DIRECTIONS FOR THIS TASK
Review the material line by line. Identify and copy every line that contains the string "werd".

MATERIAL FOR THIS TASK
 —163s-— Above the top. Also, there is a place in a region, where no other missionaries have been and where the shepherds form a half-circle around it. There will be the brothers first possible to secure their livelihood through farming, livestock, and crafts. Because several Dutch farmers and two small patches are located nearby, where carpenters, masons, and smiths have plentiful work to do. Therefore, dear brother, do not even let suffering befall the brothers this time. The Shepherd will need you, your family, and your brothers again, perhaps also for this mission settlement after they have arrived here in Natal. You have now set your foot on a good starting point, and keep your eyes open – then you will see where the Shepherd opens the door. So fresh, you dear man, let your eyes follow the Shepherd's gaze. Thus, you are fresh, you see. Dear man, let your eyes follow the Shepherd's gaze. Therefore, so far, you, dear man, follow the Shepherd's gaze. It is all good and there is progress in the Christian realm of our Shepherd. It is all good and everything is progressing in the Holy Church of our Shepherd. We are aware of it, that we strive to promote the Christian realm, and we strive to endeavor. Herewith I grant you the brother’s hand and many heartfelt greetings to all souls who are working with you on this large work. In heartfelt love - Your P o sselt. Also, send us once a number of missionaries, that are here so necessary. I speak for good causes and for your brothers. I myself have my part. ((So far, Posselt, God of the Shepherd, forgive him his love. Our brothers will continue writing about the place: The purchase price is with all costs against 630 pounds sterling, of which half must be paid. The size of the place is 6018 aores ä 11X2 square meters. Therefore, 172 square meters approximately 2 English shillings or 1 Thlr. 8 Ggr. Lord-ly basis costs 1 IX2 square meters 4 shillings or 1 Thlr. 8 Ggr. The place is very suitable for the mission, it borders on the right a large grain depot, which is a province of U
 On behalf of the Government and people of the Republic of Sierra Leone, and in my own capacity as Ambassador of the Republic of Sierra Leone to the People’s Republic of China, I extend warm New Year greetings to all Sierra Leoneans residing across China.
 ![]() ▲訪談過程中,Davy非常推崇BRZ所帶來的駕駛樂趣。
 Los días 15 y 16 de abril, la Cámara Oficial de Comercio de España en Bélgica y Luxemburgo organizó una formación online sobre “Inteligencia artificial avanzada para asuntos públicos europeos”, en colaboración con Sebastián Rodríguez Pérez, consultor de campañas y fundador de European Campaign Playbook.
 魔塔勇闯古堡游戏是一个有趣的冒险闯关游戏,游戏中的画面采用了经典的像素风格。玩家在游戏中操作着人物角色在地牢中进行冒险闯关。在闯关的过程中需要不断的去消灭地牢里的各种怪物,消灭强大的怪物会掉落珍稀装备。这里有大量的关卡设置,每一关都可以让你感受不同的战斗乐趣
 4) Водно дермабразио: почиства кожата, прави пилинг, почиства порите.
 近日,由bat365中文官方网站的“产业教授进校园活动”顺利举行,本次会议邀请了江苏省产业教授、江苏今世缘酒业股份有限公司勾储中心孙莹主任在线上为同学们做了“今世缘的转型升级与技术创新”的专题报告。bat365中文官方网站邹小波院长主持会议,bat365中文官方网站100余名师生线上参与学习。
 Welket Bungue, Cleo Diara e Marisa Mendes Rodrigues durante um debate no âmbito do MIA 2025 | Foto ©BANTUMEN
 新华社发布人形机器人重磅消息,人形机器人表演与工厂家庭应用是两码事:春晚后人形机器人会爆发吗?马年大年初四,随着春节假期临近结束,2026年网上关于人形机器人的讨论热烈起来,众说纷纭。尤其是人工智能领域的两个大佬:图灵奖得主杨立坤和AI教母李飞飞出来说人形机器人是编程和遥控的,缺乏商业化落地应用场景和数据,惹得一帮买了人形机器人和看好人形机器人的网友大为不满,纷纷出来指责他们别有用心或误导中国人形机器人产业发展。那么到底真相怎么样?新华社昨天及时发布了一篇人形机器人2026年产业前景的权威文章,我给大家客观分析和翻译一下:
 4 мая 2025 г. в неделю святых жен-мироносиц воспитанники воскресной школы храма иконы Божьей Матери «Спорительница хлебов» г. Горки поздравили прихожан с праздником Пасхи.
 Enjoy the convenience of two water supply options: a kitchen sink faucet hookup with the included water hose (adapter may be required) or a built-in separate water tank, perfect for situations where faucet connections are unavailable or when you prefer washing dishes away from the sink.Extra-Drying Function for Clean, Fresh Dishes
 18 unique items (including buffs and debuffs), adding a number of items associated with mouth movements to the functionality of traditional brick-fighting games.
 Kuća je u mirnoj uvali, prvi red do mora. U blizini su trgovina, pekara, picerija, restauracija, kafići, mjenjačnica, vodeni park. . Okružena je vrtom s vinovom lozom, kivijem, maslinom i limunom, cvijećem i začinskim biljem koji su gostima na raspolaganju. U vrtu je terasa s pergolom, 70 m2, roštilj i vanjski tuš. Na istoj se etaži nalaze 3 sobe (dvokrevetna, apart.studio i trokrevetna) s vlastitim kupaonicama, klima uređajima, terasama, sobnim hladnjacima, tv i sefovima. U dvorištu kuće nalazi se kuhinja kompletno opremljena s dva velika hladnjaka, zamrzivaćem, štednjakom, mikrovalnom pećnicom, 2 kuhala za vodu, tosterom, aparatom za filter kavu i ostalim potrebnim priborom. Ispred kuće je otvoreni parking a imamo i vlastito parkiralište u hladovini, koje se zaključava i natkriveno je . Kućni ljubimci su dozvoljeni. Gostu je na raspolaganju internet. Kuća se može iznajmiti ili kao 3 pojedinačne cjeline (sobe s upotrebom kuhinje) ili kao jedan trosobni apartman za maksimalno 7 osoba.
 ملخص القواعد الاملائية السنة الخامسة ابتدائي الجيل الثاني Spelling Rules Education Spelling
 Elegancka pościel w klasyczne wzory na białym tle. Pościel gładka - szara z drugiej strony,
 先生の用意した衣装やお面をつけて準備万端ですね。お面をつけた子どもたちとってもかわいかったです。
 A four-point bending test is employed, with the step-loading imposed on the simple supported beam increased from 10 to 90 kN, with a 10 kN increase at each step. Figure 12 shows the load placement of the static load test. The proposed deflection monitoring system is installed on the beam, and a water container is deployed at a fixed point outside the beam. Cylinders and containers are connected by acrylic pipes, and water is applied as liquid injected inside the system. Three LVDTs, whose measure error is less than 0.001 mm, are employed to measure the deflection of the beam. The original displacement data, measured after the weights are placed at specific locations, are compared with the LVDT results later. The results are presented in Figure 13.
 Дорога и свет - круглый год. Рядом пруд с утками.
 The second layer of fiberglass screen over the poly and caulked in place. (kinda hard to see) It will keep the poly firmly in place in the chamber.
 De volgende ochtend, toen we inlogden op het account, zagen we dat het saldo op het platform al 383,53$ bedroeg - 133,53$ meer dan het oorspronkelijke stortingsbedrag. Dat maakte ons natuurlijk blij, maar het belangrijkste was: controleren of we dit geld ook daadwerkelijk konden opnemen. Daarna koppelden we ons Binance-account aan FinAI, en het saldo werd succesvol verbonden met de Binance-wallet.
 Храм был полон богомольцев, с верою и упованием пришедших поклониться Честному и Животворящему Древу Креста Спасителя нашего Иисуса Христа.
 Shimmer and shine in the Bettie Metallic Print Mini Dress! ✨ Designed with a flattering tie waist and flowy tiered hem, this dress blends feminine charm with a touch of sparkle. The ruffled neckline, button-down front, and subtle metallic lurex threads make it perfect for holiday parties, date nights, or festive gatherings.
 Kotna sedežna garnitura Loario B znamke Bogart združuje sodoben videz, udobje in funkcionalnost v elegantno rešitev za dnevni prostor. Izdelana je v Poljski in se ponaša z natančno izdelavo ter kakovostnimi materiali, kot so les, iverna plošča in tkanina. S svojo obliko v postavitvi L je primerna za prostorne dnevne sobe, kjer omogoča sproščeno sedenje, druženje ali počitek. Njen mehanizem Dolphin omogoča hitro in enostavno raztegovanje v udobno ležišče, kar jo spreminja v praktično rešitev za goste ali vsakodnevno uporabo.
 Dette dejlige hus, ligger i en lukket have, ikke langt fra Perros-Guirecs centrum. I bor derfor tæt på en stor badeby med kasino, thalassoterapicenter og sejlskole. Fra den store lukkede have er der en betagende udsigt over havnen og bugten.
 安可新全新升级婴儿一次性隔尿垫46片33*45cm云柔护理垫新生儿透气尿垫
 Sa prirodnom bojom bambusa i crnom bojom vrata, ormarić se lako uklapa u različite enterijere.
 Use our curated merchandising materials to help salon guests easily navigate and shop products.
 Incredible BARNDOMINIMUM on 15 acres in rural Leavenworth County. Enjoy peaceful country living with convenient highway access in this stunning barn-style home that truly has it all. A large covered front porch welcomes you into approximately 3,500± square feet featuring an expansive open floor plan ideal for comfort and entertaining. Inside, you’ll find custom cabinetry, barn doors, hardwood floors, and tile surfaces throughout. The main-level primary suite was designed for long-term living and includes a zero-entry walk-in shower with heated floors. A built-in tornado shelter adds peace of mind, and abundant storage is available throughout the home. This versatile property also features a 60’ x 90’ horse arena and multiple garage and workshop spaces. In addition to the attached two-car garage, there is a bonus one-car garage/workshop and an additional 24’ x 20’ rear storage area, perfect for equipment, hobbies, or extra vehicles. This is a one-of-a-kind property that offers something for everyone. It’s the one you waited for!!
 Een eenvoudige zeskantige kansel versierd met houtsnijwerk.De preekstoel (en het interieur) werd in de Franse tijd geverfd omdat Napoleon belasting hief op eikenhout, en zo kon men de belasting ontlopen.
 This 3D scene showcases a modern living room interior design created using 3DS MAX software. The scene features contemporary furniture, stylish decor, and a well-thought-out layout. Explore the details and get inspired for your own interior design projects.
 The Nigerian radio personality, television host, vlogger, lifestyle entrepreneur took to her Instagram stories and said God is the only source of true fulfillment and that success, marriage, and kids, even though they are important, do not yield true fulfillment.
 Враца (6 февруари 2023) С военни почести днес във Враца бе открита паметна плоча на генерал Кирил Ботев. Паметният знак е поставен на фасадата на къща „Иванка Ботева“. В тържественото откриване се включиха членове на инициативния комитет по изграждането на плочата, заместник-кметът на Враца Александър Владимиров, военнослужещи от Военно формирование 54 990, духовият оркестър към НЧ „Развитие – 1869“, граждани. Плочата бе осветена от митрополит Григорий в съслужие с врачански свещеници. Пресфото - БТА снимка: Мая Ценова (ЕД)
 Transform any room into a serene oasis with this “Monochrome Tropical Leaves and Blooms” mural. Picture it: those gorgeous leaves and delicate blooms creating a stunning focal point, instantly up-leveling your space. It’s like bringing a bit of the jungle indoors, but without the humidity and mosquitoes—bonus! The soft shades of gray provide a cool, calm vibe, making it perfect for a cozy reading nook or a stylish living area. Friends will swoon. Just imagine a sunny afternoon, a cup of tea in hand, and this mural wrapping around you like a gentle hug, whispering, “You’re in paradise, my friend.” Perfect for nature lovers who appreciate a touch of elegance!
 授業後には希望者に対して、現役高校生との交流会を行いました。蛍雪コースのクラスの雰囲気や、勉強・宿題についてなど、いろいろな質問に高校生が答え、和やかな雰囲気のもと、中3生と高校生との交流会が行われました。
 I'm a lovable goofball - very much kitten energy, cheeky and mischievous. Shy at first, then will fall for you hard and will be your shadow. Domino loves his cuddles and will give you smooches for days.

COMPLETED TASK
 De volgende ochtend, toen we inlogden op het account, zagen we dat het saldo op het platform al 383,53$ bedroeg - 133,53$ meer dan het oorspronkelijke stortingsbedrag. Dat maakte ons natuurlijk blij, maar het belangrijkste was: controleren of we dit geld ook daadwerkelijk konden opnemen. Daarna koppelden we ons Binance-account aan FinAI, en het saldo werd succesvol verbonden met de Binance-wallet.
 Een eenvoudige zeskantige kansel versierd met houtsnijwerk.De preekstoel (en het interieur) werd in de Franse tijd geverfd omdat Napoleon belasting hief op eikenhout, en zo kon men de belasting ontlopen.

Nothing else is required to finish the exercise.